Ahmad Jomaa, PhD
Ahmad Jomaa, PhD, an assistant professor in the Department of Molecular Physiology and Biological Physics, and his lab were recently awarded a five-year, $2.22 million NIH Maximizing Investigators’ Research Award (R35) for the project titled “Unraveling the Mechanisms of Protein Sorting and Localization to Organelles.” This research focuses on how newly made proteins are properly delivered to and processed on cellular membranes, an essential process for maintaining cellular health and preventing harmful protein buildup inside cells. Disruptions in these pathways have been linked to diseases such as Alzheimer’s, Parkinson’s, and, more recently, a rare neurodegenerative disorder called Congenital Disorders of Glycosylation. Over the next five years, Dr. Jomaa’s team will use advanced techniques, including cryo-electron microscopy and cellular imaging, to capture high-resolution snapshots of how proteins interact with molecular machines on mitochondria and the endoplasmic reticulum. By understanding these interactions at molecular detail, the lab hopes to uncover new strategies to prevent protein misfolding, which is a key contributor to many neurodegenerative and developmental disorders.

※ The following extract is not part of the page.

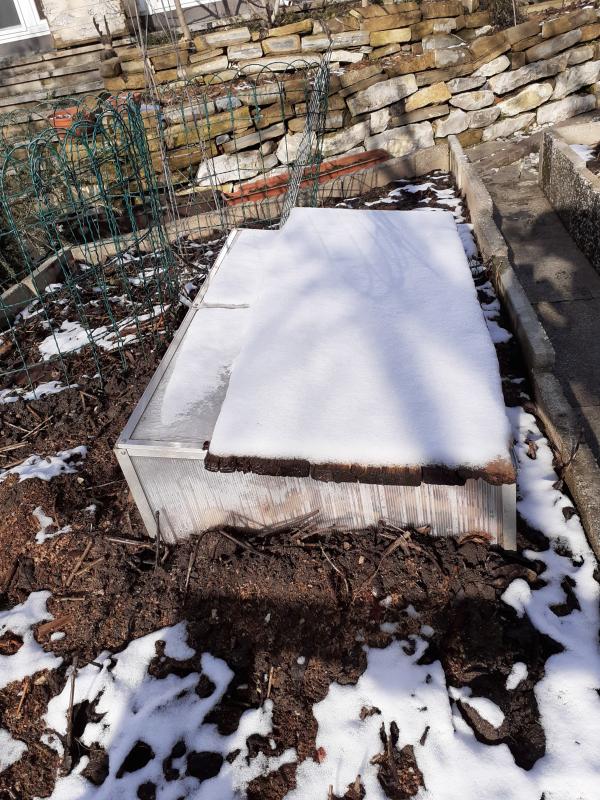 Auf jeden Fall hab ich heute die Bewurzelung der restlichen gekühlten Stecklinge gestartet. Die lagerten aus Bewurzelungsplatzgründen bisher im Naturkühlschrank. Halb eingelassenes Frühbeet mit Laubfüllung.

In a second project, Dr. Jomaa’s lab received a three-year, $741,500 award from the U.S. National Science Foundation (NSF) for the collaborative project “Investigating Ribosome Tethering to Mitochondria in Dormant Yeast Cells.” Researchers will explore how cells survive environmental stress by entering a dormant, energy-saving state. In collaboration with the group of Dr. Simone Mattei at EMBL, Germany, the Jomaa lab recently discovered a novel adaptive response in dormant yeast cells, where ribosomes, the cellular machines that make proteins, attach to and hibernate on the surface of mitochondria. This surprising strategy may be conserved across many forms of life. The project is funded jointly by the NSF and the German Research Foundation (DFG), with the DFG providing independent funding for the international collaboration and Dr. Mattei’s research activities. Over the next three years, the researchers will combine structural biology, yeast genetics, and biochemistry to uncover how this ribosome tethering supports cell survival and how protein production restarts once conditions improve. The grant also supports an outreach initiative that brings 3D-printed molecular models and hands-on interactive activities in structural biology to local middle and high schools in Charlottesville and Albemarle County.